This script attempts to execute local/filter_babel_over_10s.py, but the Python script added in this pull request is named local/filter_babel_overl_10s.py (with an extra 'l'). This filename mismatch will cause a FileNotFoundError and prevent the script from running. Please correct the name of the Python script to match the one being called here, or update the call to use the correct filename.

gemini-code-assist · 2025-09-25T05:24:16Z

egs2/geolid/lid1/local/filter_babel_overl_10s.py

+import os
+
+
+def parse_args():


The argparse module is used to parse command-line arguments, but it is not imported in this script. This will result in a NameError when the script is executed. Please add import argparse to the top of the file.

Suggested change

import os

def parse_args():

import os

import argparse

def parse_args():

gemini-code-assist · 2025-09-25T05:24:16Z

egs2/geolid/lid1/local/prepare_babel_lists.sh

+    local train_list="$4"
+    local dev_list="$5"
+
+    local base_dir="/scratch/bbjs/shared/corpora/babel/${lang_code}/conversational"
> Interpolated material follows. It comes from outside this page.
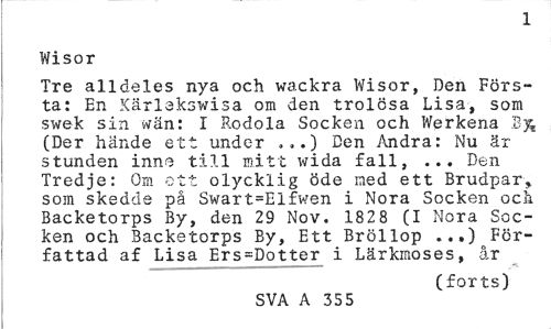 //// Wisor //// Tre alldeles nya och wackra Wisor, Den Första: En Kärlekswisa om den trolösa Lisa, som swek sin wän: I Rodola Socken och Werkena Eft (Der hände ett under ,,.) Den Andra: Nu är stunden inne till mitt wida fall, ... Den Tredje: Om ett olycklig öde ned ett Brudpar» som skedde på Swart=Elfwen i Nora Socken ocli Backetorps By, den 29 Nov. 182 8 (I Nora Socken och Backetorps By, Ett Bröllop ...) Författad af Lisa Ers=Dotter i Lärkmoses, år //// (forts) //// SVA A 355 ////
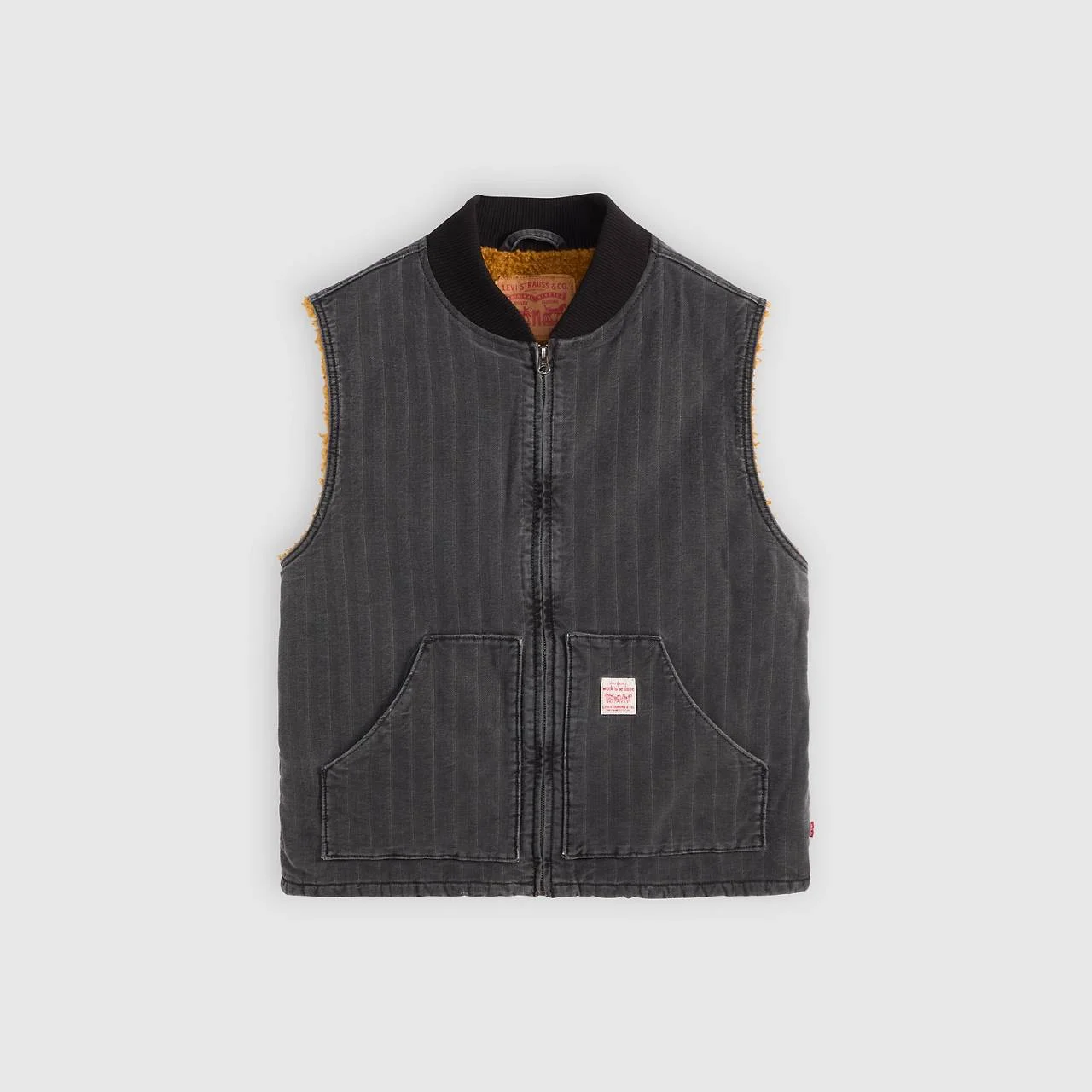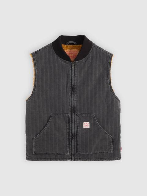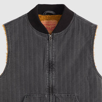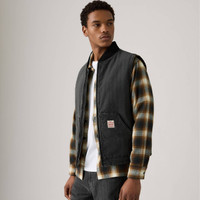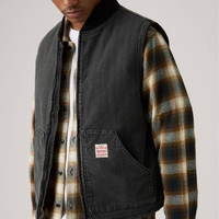 The kind of vest you'll want on your next adventure. Our Sansome Vest is both stylish and functional, with two oversized patch pockets, a zip front and an easy, relaxed fit. - A utilitarian-inspired vest - Features a relaxed fit - With a middle zip design - Made with denim - Built to get the job done with sturdy construction and all-day comfort Style # A85800004 Color: Double Duty T - Black How it Fits - Relaxed fit Composition & Care - 100% Cotton - Herringbone - Full zip - Sleeveless - Imported

The base_dir is hardcoded to an absolute path /scratch/bbjs/shared/corpora/babel/.... This makes the script non-portable and will cause it to fail on any machine where this path does not exist. It should use the $dataset_path variable, which is passed as an argument to the script, to construct the path.

Suggested change

local base_dir="/scratch/bbjs/shared/corpora/babel/${lang_code}/conversational"

local base_dir="${dataset_path}/${lang_code}/conversational"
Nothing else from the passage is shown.